- _Available records_:
┄┄┄┄┄┄┄┄┄┄
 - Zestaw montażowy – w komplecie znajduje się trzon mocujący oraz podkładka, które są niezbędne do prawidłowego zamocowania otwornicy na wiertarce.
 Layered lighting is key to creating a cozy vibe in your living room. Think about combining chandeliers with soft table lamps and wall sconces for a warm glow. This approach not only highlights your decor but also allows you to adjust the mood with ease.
┄┄┄┄┄┄┄┄┄┄
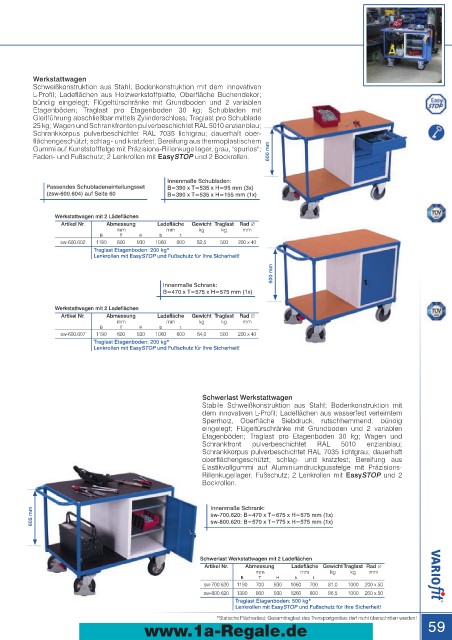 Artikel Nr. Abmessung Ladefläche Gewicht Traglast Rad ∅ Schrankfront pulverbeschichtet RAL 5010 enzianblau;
┄┄┄┄┄┄┄┄┄┄
- _Work to complete_: Keeping every character as it is, restate the lines above that run from the line with "- Zestaw montażowy" through the line with "Layered lighting is", both included, and nothing else.

- _Reply_:
 - Zestaw montażowy – w komplecie znajduje się trzon mocujący oraz podkładka, które są niezbędne do prawidłowego zamocowania otwornicy na wiertarce.
 Layered lighting is key to creating a cozy vibe in your living room. Think about combining chandeliers with soft table lamps and wall sconces for a warm glow. This approach not only highlights your decor but also allows you to adjust the mood with ease.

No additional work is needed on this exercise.